Ao mesmo tempo que só queria “viver em sua bolha”, ela deve participar daquele jogo que sociedade ama: uma competição. E assim começa história dela nos Jogos Vorazes, um reality show que coloca adolescentes para brigar até que apenas um sobreviva. Uma realidade um pouco distante da nossa, pois ainda não é permitido esse tipo de jogo na TV, mas ainda um tanto similar.

Esse jogo que acontece todos os anos desde que a população entrou em guerra com a Capital é a forma de punição do governo autoritário e, ao mesmo tempo, é a forma de entretimento. É como se o futuro tivesse nos levado para o passado. Na história de Jogos Vorazes voltamos para a Roma antiga e estamos assistindo gladiadores lutando até a morte e estamos batendo palmas. Tanto que a cidade que dá nome à Capital da história é uma homenagem a política “Panem et Circenses“, que tinha o objetivo de diminuir a insatisfação do povo oferecendo comida e entretenimento. Claro que na história de Jogos Vorazes é um tanto diferente, as pessoas costumam passar fome e só os ganhadores dos jogos costumam ter “uma vida boa” e algumas regalias.

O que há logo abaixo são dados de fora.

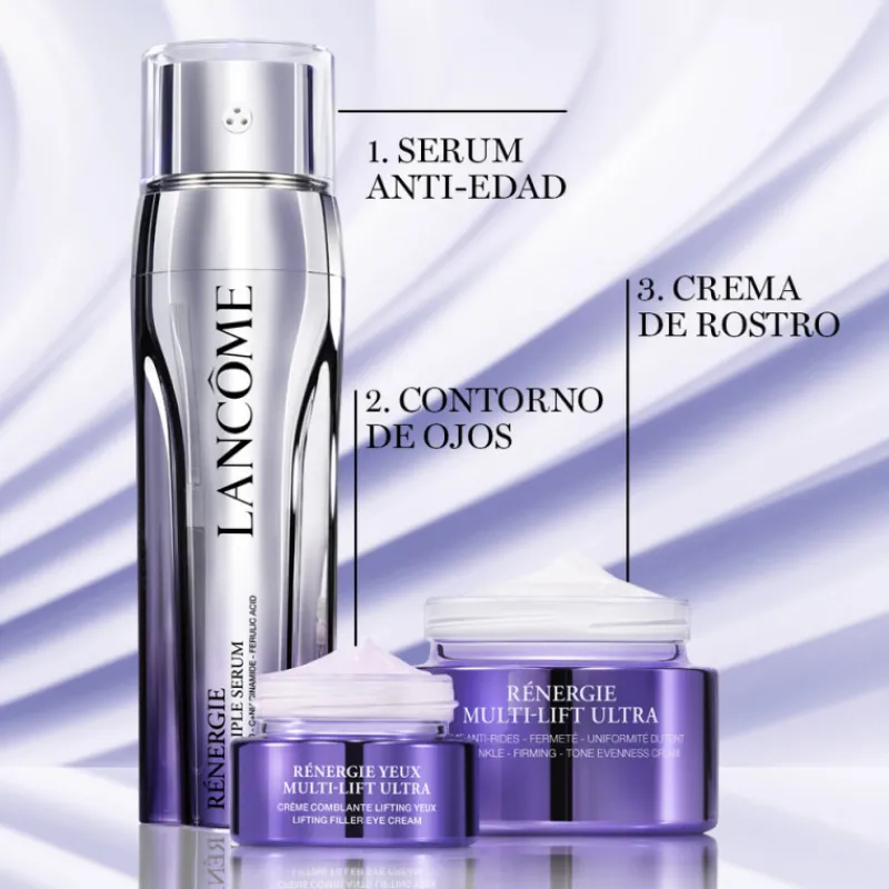 4. Para potenciar los resultados de tu rutina anti-edad con un extra de nutrición e hidratación a la vez que potenciando la fotoprotección en tu rostro, te recomendamos utilizar la crema de rostro Rénergie Multi-Lift Ultra y el contorno de ojos Rénergie Yeux Multi- Lift Ultra.

Ao contrário das pessoas que acham os “Jogos Vorazes” o melhor da história, eu já acho diferente. A história do segundo livro é incrível, o golpe político que o Distrito 13, ainda então inexistente na história, da na Capital é incrível e, após esse acontecimento, começa a parte mais interessante da saga: a guerra das palavras. No lugar da correria para a sobrevivência dos tributos nos jogos, agora temos os rebeldes liderados pela Presidente Coin (do Distrito 13) e o poder de destruição em massa da Capital, liderados pelo odiado Presidente Snow. Ambos usando a publicidade ao seu favor, como se fosse uma guerra fria. Armas são disparadas? Sim! Mas ambos os lados estão trabalhando com as palavras para ganhar aliados, o mais importante nesse momento é fazer com que todos comprem sua história. Enquanto a Capital tem o Peeta pedindo o cessar fogo, o Distrito 13 tem a Katniss, o símbolo da revolução e da liberdade, chamando o povo para as ruas, para a guerra.

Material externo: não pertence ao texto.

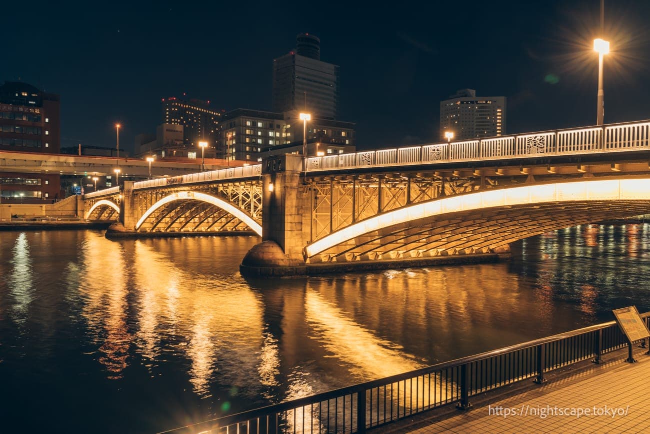 隅田川上唯一的三连拱桥。夜晚白色灯光点亮时,为隅田川夜景增添华彩。从桥上可以眺望东京晴空塔、驹形桥、藏前桥等景点,看点十足。

Nessa parte da história Katniss precisa deixar de apenas querer sobreviver e decidir se quer ser o símbolo da revolução, o símbolo da liberdade para o povo que vive em opressão há 76 anos, ela reluta pois nunca quis ser símbolo de nada. Acho que essa parte da personalidade da Katniss difere um pouco de todos nós, ela é uma garota diferente de todos os jovens que temos hoje. Atualmente todo mundo quer ser símbolo de algo, já ela não.

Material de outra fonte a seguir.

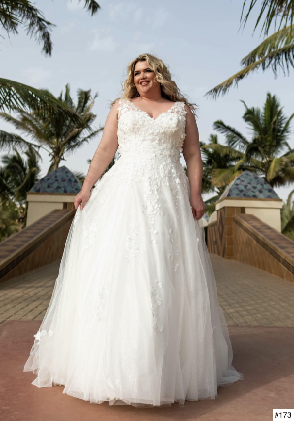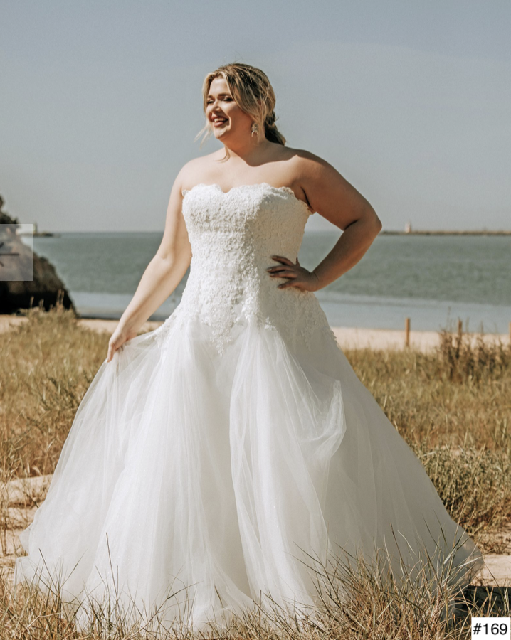 Wir lieben Bräute mit runden Kurven und führen speziell für Euch eine tolle und große Auswahl an Kleidern in den Größen 48 bis 58.

A protester against military rule holds up his three middle fingers as soldiers look on from above during a brief demonstration outside a shopping mall in Bangkok on Sunday. Demonstrators adopted the gesture from The Hunger Games.

Um manifestante contra o regime militar faz o símbolo dos três dedos em meio aos olhares dos soldados. Essa foto foi tirada durante uma manifestação feita em um shopping center de Bangkok. Os manifestantes adotaram o gesto do filme Jogos Vorazes como forma de protesto.

O terceiro, e último livro, foi divido em dois filmes (como é moda agora nas adaptações) e foi lançado em novembro do ano passado. “Jogos Vorazes: A Esperança – Parte 1” foi a maior estreia no ano e a maior estreia em números de sala no Brasil, a história virou uma febre e não somente entre os adolescentes, Katniss e sua luta contra a Capital é tema de projetos universitários, debates e discussões no mundo todo. O legal disso tudo é que a literatura infantojuvenil (e o cinema) está levando mensagens positivas para os jovens do mundo todo. Na Tailândia, os manifestantes usaram o símbolo dos três dedos para manifestar sua indignação contra o governo atual e isso funcionou de tal forma que a polícia começou a prender todos que usassem o símbolo nas ruas. A arte imita a vida? Nesse caso foi completamente o contrário. Uma história que nasceu com preconceitos, por ser definida como “livro/filme para adolescente” agora vira símbolo de manifestação contra um governo totalitário e passa uma mensagem importante, de uma forma de entretenimento, para milhões de jovens ao redor do mundo.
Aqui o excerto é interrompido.